Thinking about buying a dietary supplement? Before you do, ask yourself, “Why do I need this supplement?” and “Is it suitable for me?” Think about your typical diet and what it may be lacking. Remember, the word supplement means just that—a product meant to supplement your food. A well‐chosen supplement can be beneficial under some circumstances, especially if your diet is limited. However, if you’re healthy and eat a good balance of healthful foods, supplements won’t help you much.
It’s a good idea to let your doctor know your supplement plans. Some supplements are contraindicated during pregnancy or lactation; others should not be used with certain chronic illnesses. Supplements sometimes interfere with the action of medicines. Some slow blood clotting, which is a concern if surgery is planned.
To a great extent, you’ll need to rely on your own understanding of diet and nutrition to make your selection. And you must rely on the supplement manufacturer for the product’s safety, its purity and cleanliness, and the label’s accuracy. If you’re concerned about potential side effects or contraindications, you’ll probably need to contact the manufacturer or distributor.
The FDA has finalized guidelines for current good manufacturing practices by supplement manufacturers. Until standards are fully implemented in 2010, you can use tip‐offs to judge a quality company—the kind you’d expect to have good quality control procedures and to manufacture, store, and transport products safely and carefully.

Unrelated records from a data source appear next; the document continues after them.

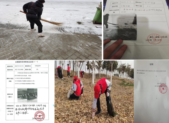 社会实践学期第五周,我们dq2024011小组积极参与学校布置的志愿服务活动,对社会做一些力所能及的事情。1月29日至2月4日,电气213班祖文靖同学在威宁金钟金熙医院协助打扫卫生,为医护人员和患者提供良好的卫生环境;1月15日,电气213龙文桂参加了安大社区的志愿清理活动,将社区内大大小小的角落打扫的十分干净。2月1日到2月3日,电气212班段傲鹏参加田中村党群服务中心组织的道路清扫活动,将道路上的积雪扫到道路两边不影响来往车辆和行人通过。2月2日,电气212班王卓,因为当地卫生院人手不够,自愿加入卫生院的消毒任务,将卫生院内各个角落都喷了消毒液,协助预防病毒的传播。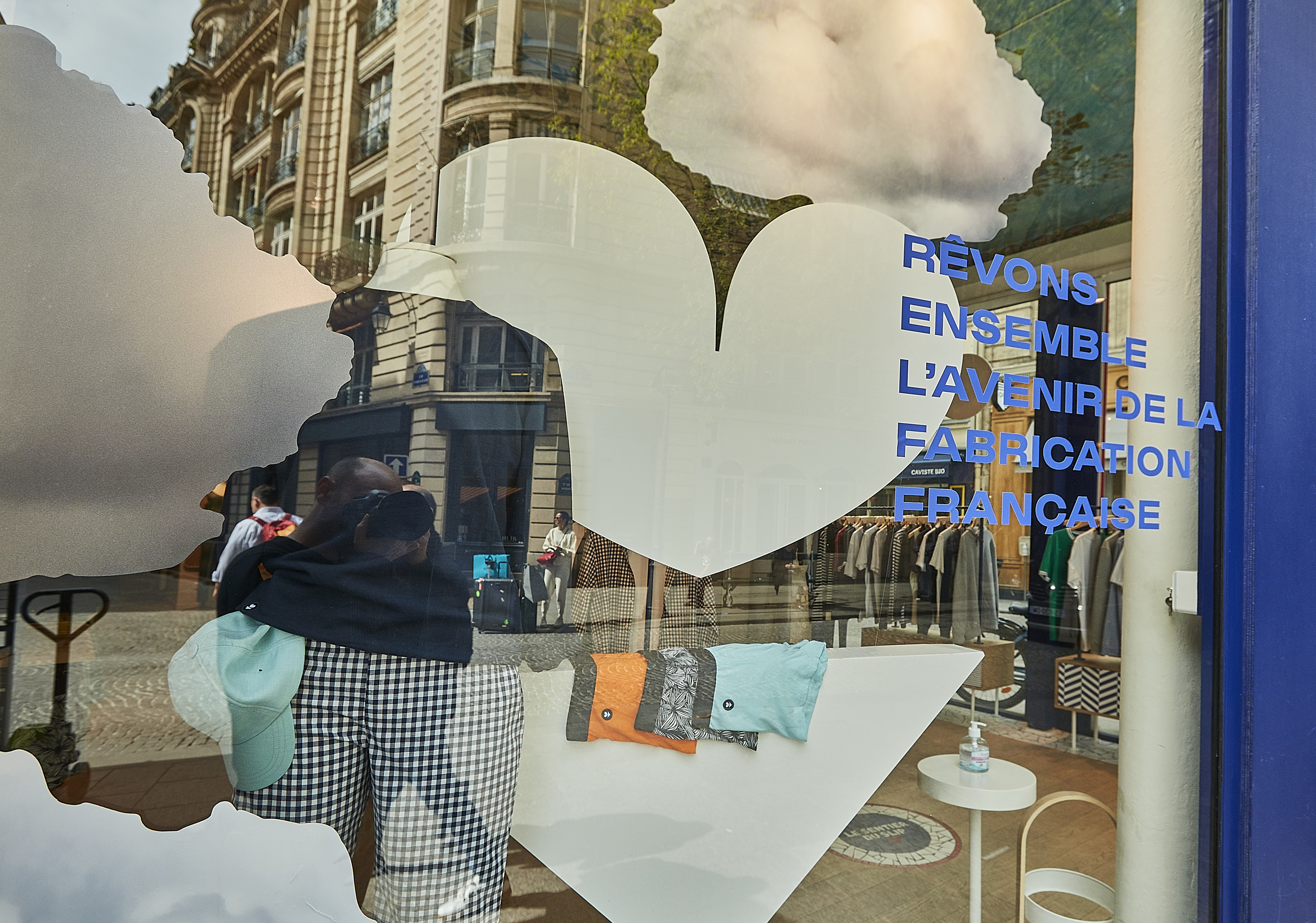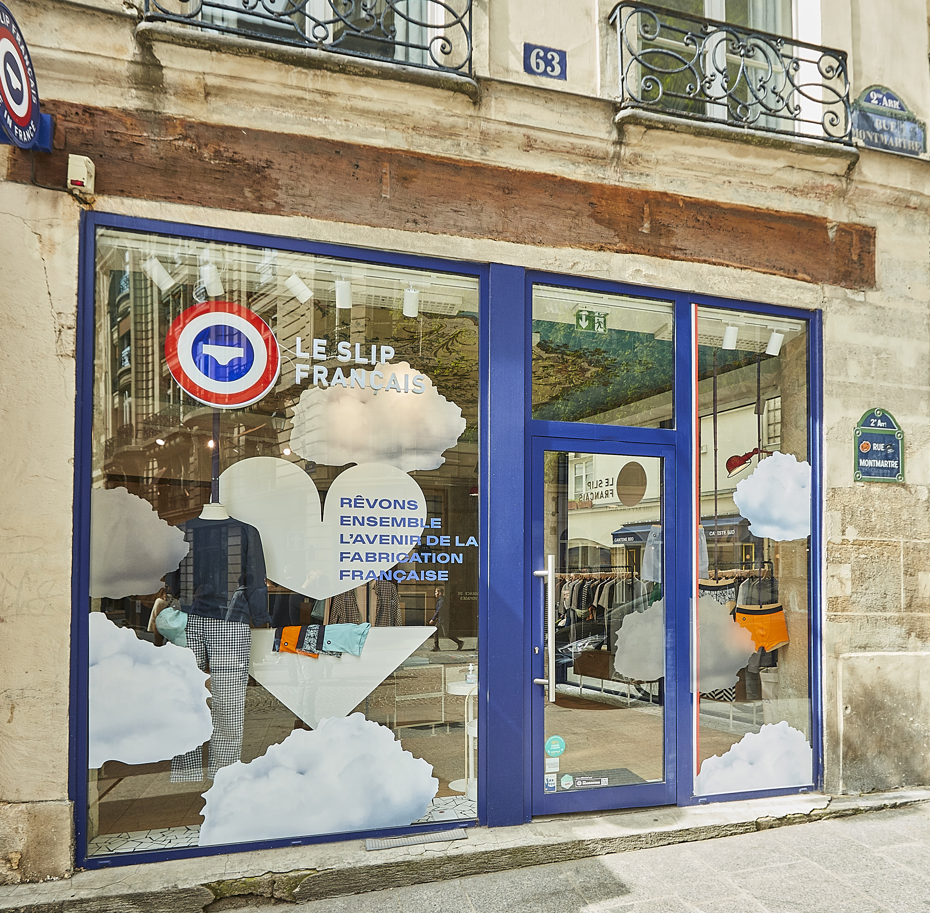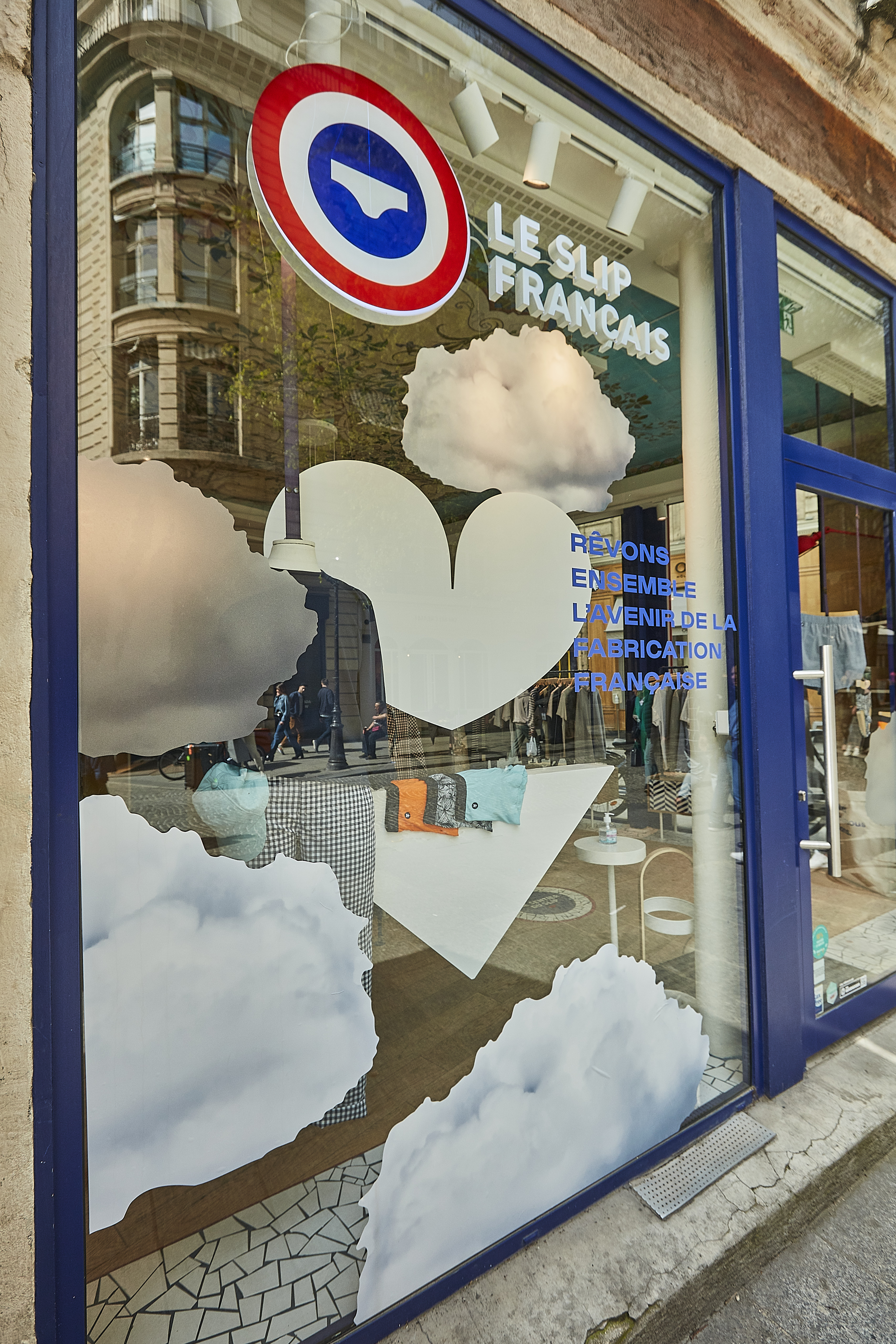 Le Slip Français inaugure sa nouvelle identité graphique à travers une campagne institutionnelle forte, initialement portée par un film publicitaire où les éléments du logo gravitent dans le ciel. L’agence se saisit de ces codes visuels pour transposer cet imaginaire en vitrine et assurer une continuité narrative entre l’image animée et le point de vente.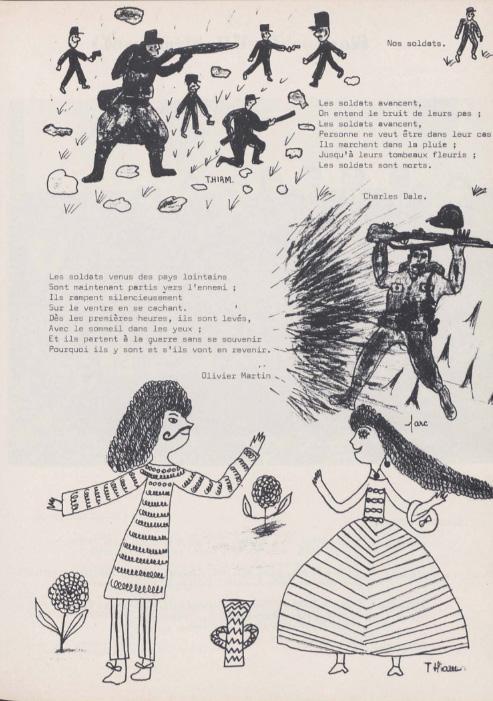 The rise of youth voices echoed at the Lycée in the late 1960s: the yearbook became a snapshot of the era, showcasing art and poetry that reflected student concerns and preoccupations–from war to generational differences to fashion.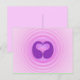 Este design apresenta uma obra de arte em forma de coração rosa e roxo sobre um fundo espiral na frente e cor correspondente complementar no verso. O verso em branco está pronto para o seu bilhete manuscrito.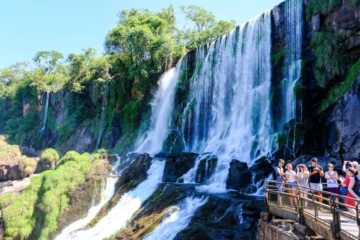 Auf diesem Ausflug müssen wir unsere Pässe dabei haben, weil wir die Grenze zwischen Argentinien und Brasilien überschreiten. Die meisten Wasserfälle befinden sich auf der argentinischen Seite, die beste Aussicht bekommt man jedoch auf der brasilianischen Seite. Sie sehen die Wasserfälle aus verschiedenen Winkeln, und mit einem Aufzug hat man Zugang zu einer Aussichtsplattform. Von hier aus bekommen Sie einen fantastischen Ausblick direkt hoch zum Rachen des Teufels, wo Sie vom Dunst des Wasserfalles eingehüllt werden. Auf den Gehwegen besteht auch die Chance, dass man kleine Nasenbären erblickt, die uns oft neugierig begleiten.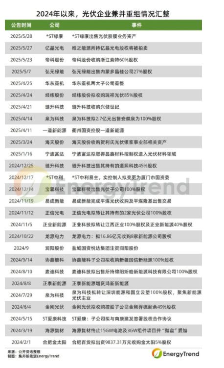 光伏行业市场竞争愈发激烈,企业大多面临着盈利能力下降,资金链紧张等问题,部分企业企图通过剥离非核心或亏损业务以求生存,据集邦新能源EnergyTrend不完全统计,仅2025年5月,弘元绿能、帝科股份、亿晶光电及*ST绿康4家公司发布关于资产重组的公告,由此可见,光伏行业正在进入加速出清阶段。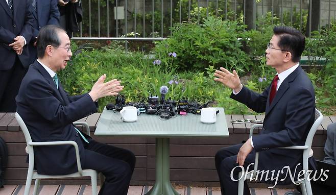 | ▲ 김문수 국민의힘 대선 후보와 한덕수 무소속 대선 예비후보가 8일 서울 여의도 국회 강변서재에서 후보 단일화와 관련해 회동하고 있다. |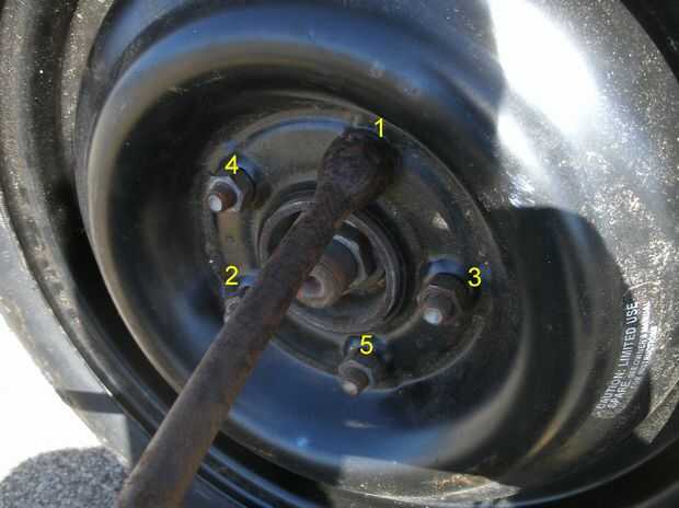 Coloque la rueda de repuesto sobre el eje de la rueda del mismo modo que sacó la otra rueda. Reemplace las tuercas de les apriete con los dedos y apriételos en un patrón de estrella como se muestra en la imagen siguiente. Luego apriete otra vez, sólo para asegurarse.
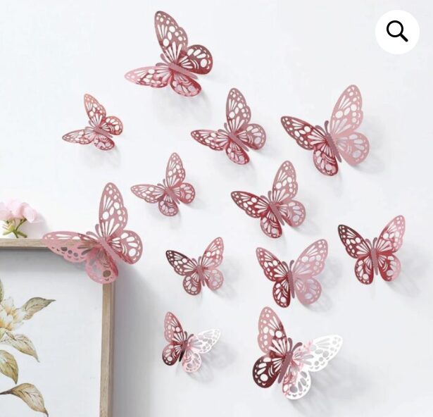 Pack x6 mariposas caladas metalizadas con puntos adhesivos para aplicarlas dónde quieras.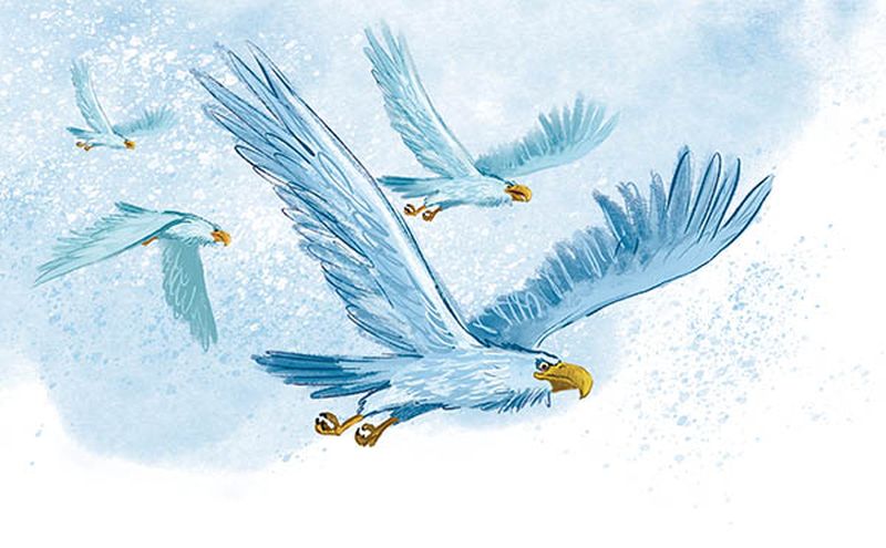 – Мы с дедулей в нашем диком глухом лесу каждый Новый год украшаем самую большую ель белками, снегирями, синицами и жар-птицами. Прямо в снег на лапы еловые они садятся и терпеливо ждут вместе с нами Деда Мороза со Снегурочкой. Жуть как красиво. А на верхушке ели филин Филя сидит в красной высокой шапке. По сторонам глядит, глазами жёлтыми лупает, хочет каждый раз увидеть, откуда сани едут. И никогда не успевает уследить. Такие быстрые летучие олени у Деда Мороза. И всегда он к нам вовремя поспевает, прямо к празднику! Ни метели, ни холода ему не помеха. Ещё бы, ведь он сам и есть Мороз!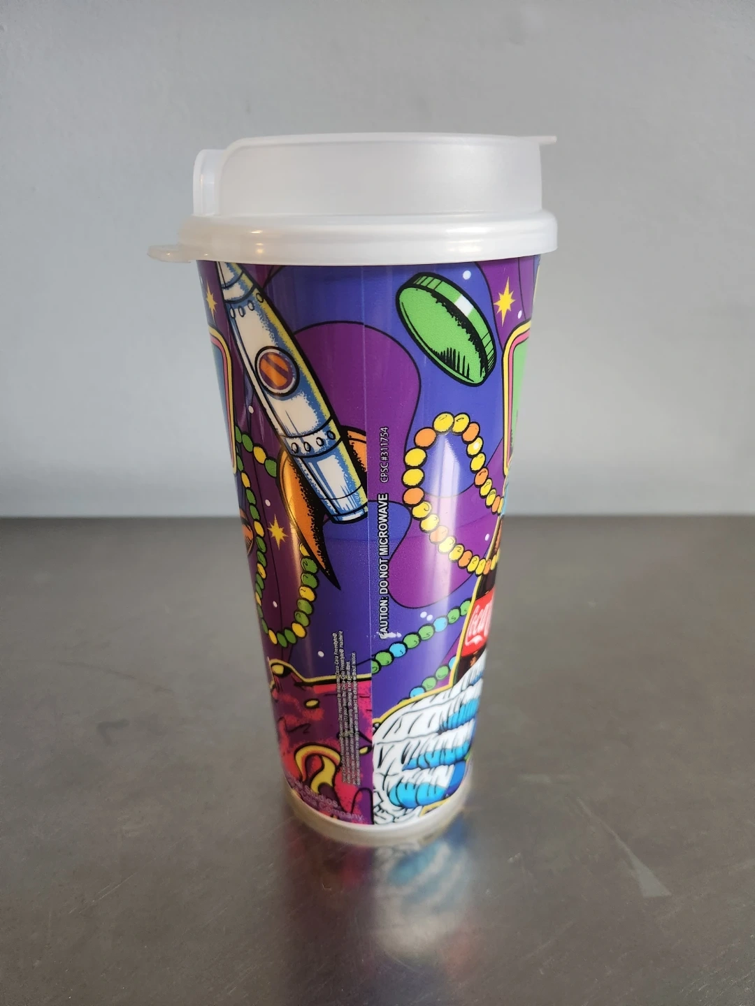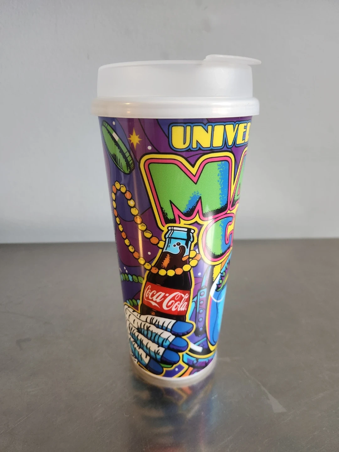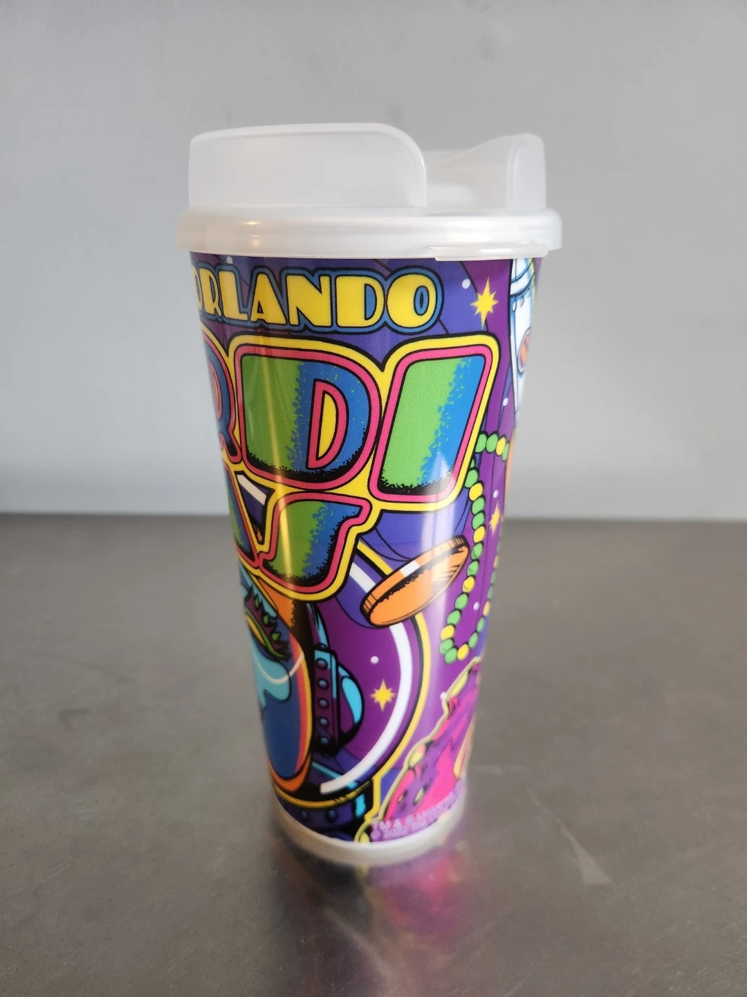 Reusable tumbler featuring a vibrant Mardi Gras design from Universal Studios Orlando. Includes a white plastic lid with a flip-top closure. Copyrighted 2022.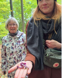 Treffpunkt war der Pavillon auf em Festplatz in Sandhof, wo bereits ein großer Tisch voller Pilze bereitstand und den Gästen einen ersten Einblick in die Vielfalt der Pilzwelt bot. Nach der Begrüßung durch Katharina Donath und Lothar Strelow starteten die Sammler ihre Tour in den Wald rund um Sandhof. ..."Ziel der Wanderung ist nicht nur das Sammeln bekannter Pilze, sondern auch das Kennenlernen neuer, ebenfalls wohlschmeckender Arten." erklärt Lothar Strelow. "Wichtig für die anschließende Bestimmung ist, dass die Pilze vollständig mitgebracht werden - mit Stiel, Strumpf oder Knolle." ...so der Pilzexperte weiter.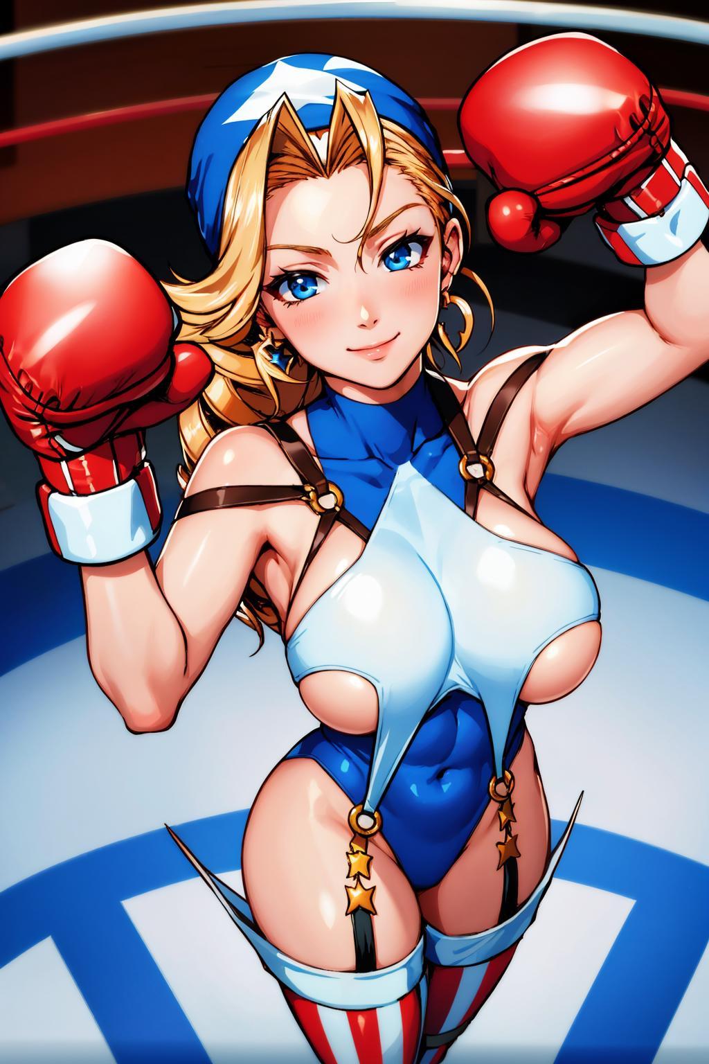 earrings, , cleavage cutout, boxing gloves, thigh boots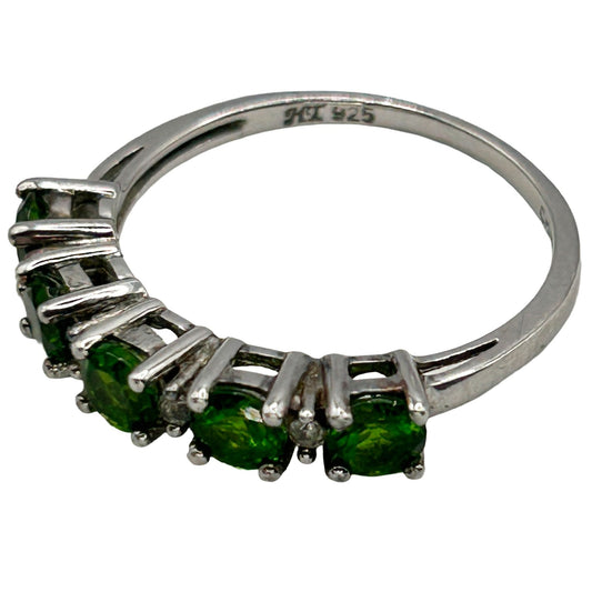 Chromium Diopside with White Topaz Rhodium Plated Sterling Silver Ring - Size 9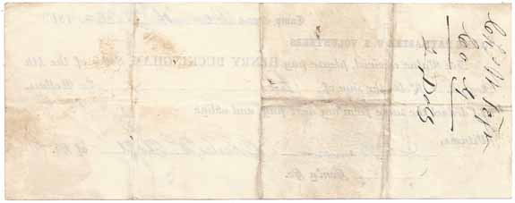 Union Civil War Sutler's Script - Payment Note for $2.20 to Henry Buckingham Sutler of the 4th Reg. R. I. Vols, Camp near Portsmouth, Va Oct 25, 1863. Signed by Charles W. Teft of Co G and witnessed by C. T. Bowen Com'g Co. F-VF.

A quality company will not promise miracles on its Web site, in catalogues, in commercials or advertisements, or in in‐store promotions. Promises to make you smarter or thinner (unless you cut calories along with taking the supplement), to keep you young, to increase or decrease the size of various body parts, and so forth, should raise a red flag. A quality company will not manipulate statistics or distort research findings in an attempt to mislead you.
A quality company will take care with its labels, print materials, and Web information. Misspelling of terms; confusion of milligrams, grams, and micrograms; and omission on labels of important or required information are indicators of the manufacturer’s carelessness or ignorance.
Finding the freshest supplement is often easier if you shop in a retail store. Avoid dust‐covered containers. Choose a store where turnover is likely to be quick. Supplements should be displayed away from direct sunlight, bright lights, or nearby heat sources, because heat ages many supplements. Expiration dates can also give you a clue regarding freshness.
How easily can you obtain information about the product? Look for a phone number on the label so you can call with questions or to report side effects. On Web sites, look for a domestic address and phone number, in addition to an e‐mail contact. Does a knowledgeable company representative respond to your questions, or is the only person available one who reads a scripted response?
If you’re shopping online but are uncertain the supplement is right for you, check the Web retailer’s return policy. A Web retailer that also has a brick‐and‐mortar outlet near your locale may be preferable.